** Material for this exercise follows **

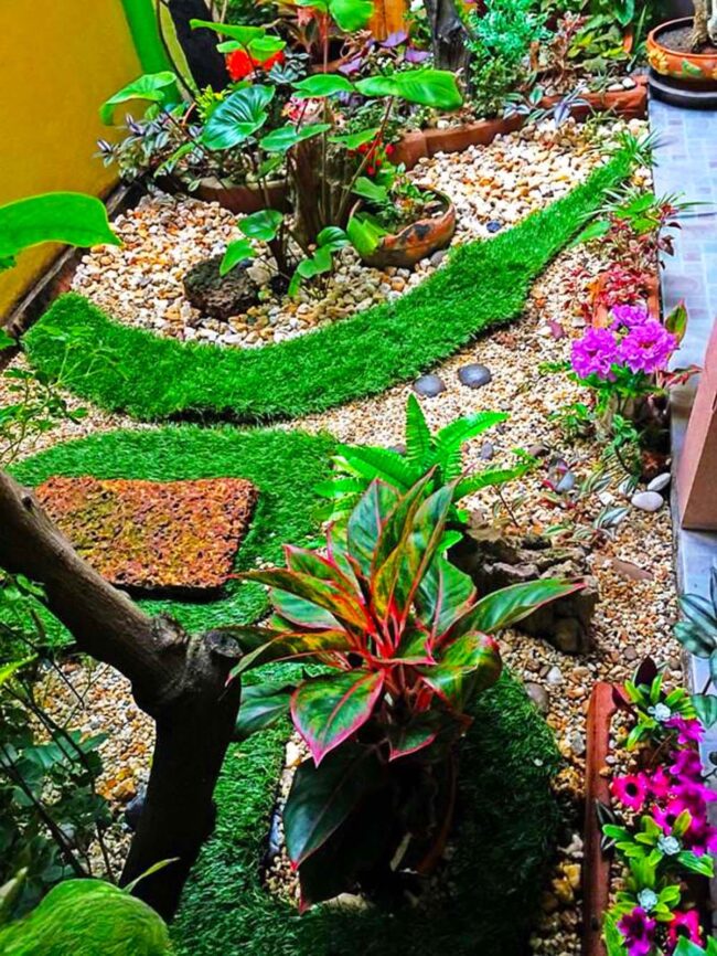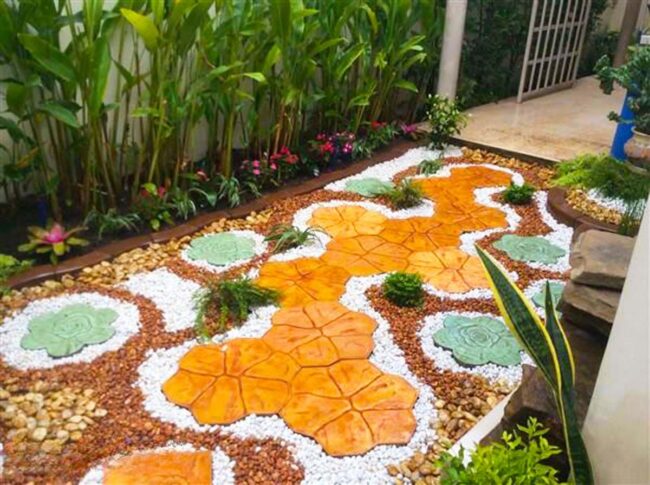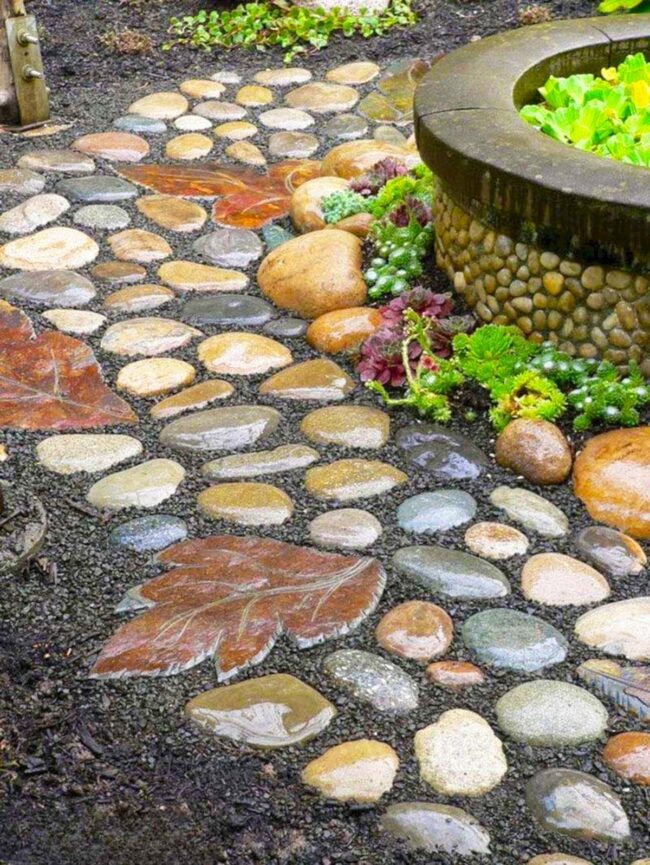 Garden paths become breathtaking artworks when crafted with multicolored stones and delicate greenery.
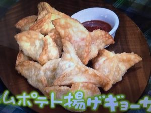 メニューは、ゆで卵と豚ひき肉のマヨギョーザ、もやし&とうもろこしの棒ギョーザ、はんぺんと鶏のふわふわギョーザ、トマトとツナのカレーギョーザ、ハムポテト揚げギョウザ。
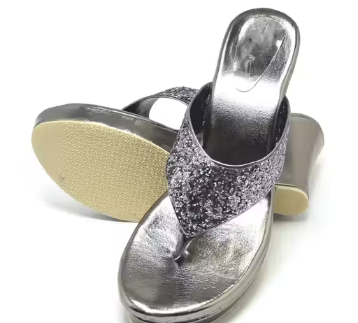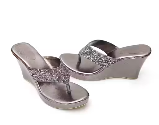 Add a touch of elegance to your look with these stylish grey embellished wedge heels. Crafted from premium synthetic material, these sandals offer comfort along with a classy appearance.
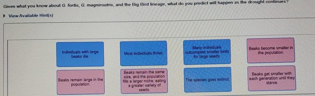 Biology 22062019 0030 mommatann. Fortis fight over smaller seeds and water holes but the Big Birds are dominant to G. Magnirostris and the big bird lineage what do you predict will happen as the drought continues.
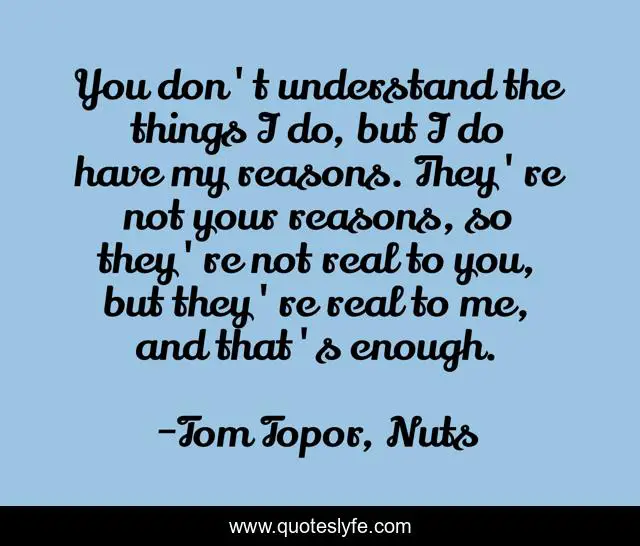 This page presents the quote "You don't understand the things I do, but I do have my reasons. They're not your reasons, so they're not real to you, but they're real to me, and that's enough.". Author of this quote is Tom Topor, Nuts. .

** End of Material for this exercise **

• _Action item_
Exact copy, no pictures: reproduce every record above.

• _Task solution_
 Garden paths become breathtaking artworks when crafted with multicolored stones and delicate greenery.
 メニューは、ゆで卵と豚ひき肉のマヨギョーザ、もやし&とうもろこしの棒ギョーザ、はんぺんと鶏のふわふわギョーザ、トマトとツナのカレーギョーザ、ハムポテト揚げギョウザ。
 Add a touch of elegance to your look with these stylish grey embellished wedge heels. Crafted from premium synthetic material, these sandals offer comfort along with a classy appearance.
 Biology 22062019 0030 mommatann. Fortis fight over smaller seeds and water holes but the Big Birds are dominant to G. Magnirostris and the big bird lineage what do you predict will happen as the drought continues.
 This page presents the quote "You don't understand the things I do, but I do have my reasons. They're not your reasons, so they're not real to you, but they're real to me, and that's enough.". Author of this quote is Tom Topor, Nuts. .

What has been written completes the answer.